After passing through the BPF 20e, the IF signal output from the mixer 20c is digitized by the analog-to-digital converter 20f driven based on the clock signal output from the clock generating section 20d, and supplied to the DSP 20g.

The DSP 20g generates a gain adjustment signal to be supplied to the gain variable amplifier 18b, a baseband video signal and an audio signal based on the clock signal output from the clock generating section 20d prior to demodulation from the input IF signal.

Then, after the gain control signal is converted into an analog signal by the digital-to-analog converter 20h, it is supplied to the gain variable amplifier 18b through the output terminal 20i and the control terminal 18p of the tuning section 18.

After the video signal is converted into an analog signal by the digital-to-analog converter 20j, it is supplied to the signal processing section 21 through the output terminal 20k. Further, after the audio signal is converted into an analog signal by the digital-to-analog converter 20l, it is supplied to the signal processing section 21 through the output terminal 20m.

The clock generation section 20d generates a clock signal based on the reference oscillation signal output from the reference oscillator 20n. The intermediate frequency setting signal output from the control section 23 is supplied to the clock generation section 20d through the control terminal 20o.

Based on the intermediate frequency setting signal provided by the control section 23, the clock generating section 20d controls the frequency of the clock signal so that the analog-to-digital converter 20f and the DSP 20g can perform analog-to-digital conversion processing and processing on the IF signal of the intermediate frequency set by the tuning section 18. demodulation processing.

When a channel scan that automatically retrieves a receivable channel by continuously scanning a continuous reception frequency band is requested, whether the intermediate frequency is set to 38.9 or 38.0 MHz is set by the user.

Figure 6 shows a flowchart outlining the IF setting operation. First, if the process is started (step S1), the control section 23 determines whether channel scanning is requested in step S2, and if it is determined that channel scanning is not requested (NO), the process is terminated (step S7).

If it is determined in step S2 that channel scanning is requested (YES), the control section 23 displays an intermediate frequency setting screen on the display section 13 in step S3. The IF Setup screen lists regions and countries as shown in Figure 7.

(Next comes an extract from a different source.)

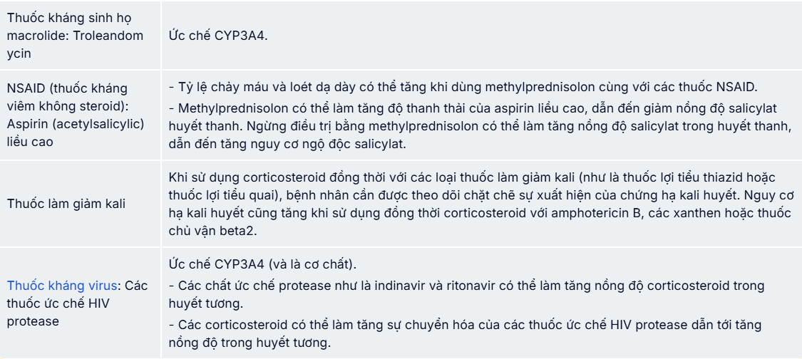Bảng 1 bao gồm những tương tác thuốc phổ biến hoặc quan trọng về mặt lâm sàng với methylprednisolon.

Then, the user selects one of the listed regions and countries where the broadcast receiving apparatus 11 is used, that is, the region or country corresponding to the place where the broadcast receiving apparatus 11 is currently installed. The selection is made by moving the pointer k on the screen by operating the operation section 14, and then operating the determination key.

Thereafter, the control section 23 waits until a region or a country is selected by the user from the intermediate frequency setting screen in step S4, and if it is determined that the region or country is selected (YES), then in step S5, reads out the information corresponding to the selected region or country from the memory 24 in step S5. The intermediate frequency setting signal corresponding to the intermediate frequency of the region or country is selected and output to the tuning part 18 and the demodulation part 20 .

Thus, in the tuning module 17, the intermediate frequency thus processed is determined. If the intermediate frequency is determined in this way, the control section 23 performs channel scanning in step S6, and terminates the processing (step S7).

According to the above-mentioned embodiment, since the tuning module 17 has the capability of adapting to IF signals having two intermediate frequencies of 38.9 and 38.0 MHz based on the intermediate frequency setting signal output from the control section 23, the broadcast receiving apparatus can be easily provided to users , and the device is suitable for practical applications.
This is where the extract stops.